**What you need to do**
Only one span of the listing below should come back. It runs from the line with "Стильный поло и" through the line with "周線級別在6/9那一周有爆大", and each of its lines must be reproduced exactly.

**Data to process**
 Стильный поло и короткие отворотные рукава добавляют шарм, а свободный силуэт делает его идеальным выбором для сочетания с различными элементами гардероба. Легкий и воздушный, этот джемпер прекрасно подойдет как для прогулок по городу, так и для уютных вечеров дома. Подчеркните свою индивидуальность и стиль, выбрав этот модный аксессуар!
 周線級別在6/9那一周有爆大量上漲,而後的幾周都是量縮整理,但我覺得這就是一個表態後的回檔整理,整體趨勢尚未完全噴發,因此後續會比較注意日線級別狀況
...
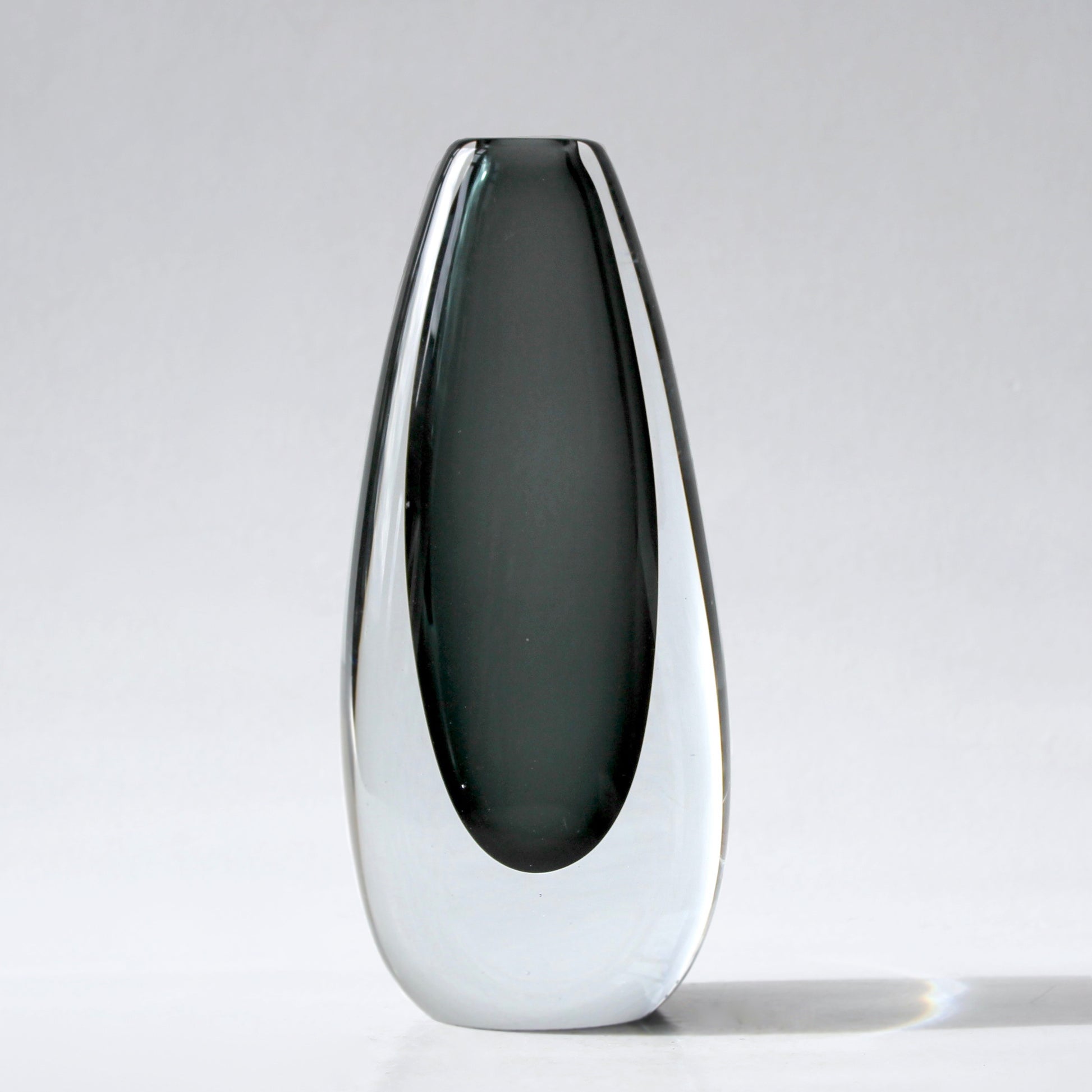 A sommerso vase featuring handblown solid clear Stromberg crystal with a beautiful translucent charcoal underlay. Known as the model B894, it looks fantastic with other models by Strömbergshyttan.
--
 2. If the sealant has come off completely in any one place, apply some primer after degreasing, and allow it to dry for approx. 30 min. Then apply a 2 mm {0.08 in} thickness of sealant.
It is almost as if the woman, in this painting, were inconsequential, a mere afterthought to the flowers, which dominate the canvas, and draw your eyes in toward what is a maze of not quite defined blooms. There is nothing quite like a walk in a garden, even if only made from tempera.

**Completed exercise**
 Стильный поло и короткие отворотные рукава добавляют шарм, а свободный силуэт делает его идеальным выбором для сочетания с различными элементами гардероба. Легкий и воздушный, этот джемпер прекрасно подойдет как для прогулок по городу, так и для уютных вечеров дома. Подчеркните свою индивидуальность и стиль, выбрав этот модный аксессуар!
 周線級別在6/9那一周有爆大量上漲,而後的幾周都是量縮整理,但我覺得這就是一個表態後的回檔整理,整體趨勢尚未完全噴發,因此後續會比較注意日線級別狀況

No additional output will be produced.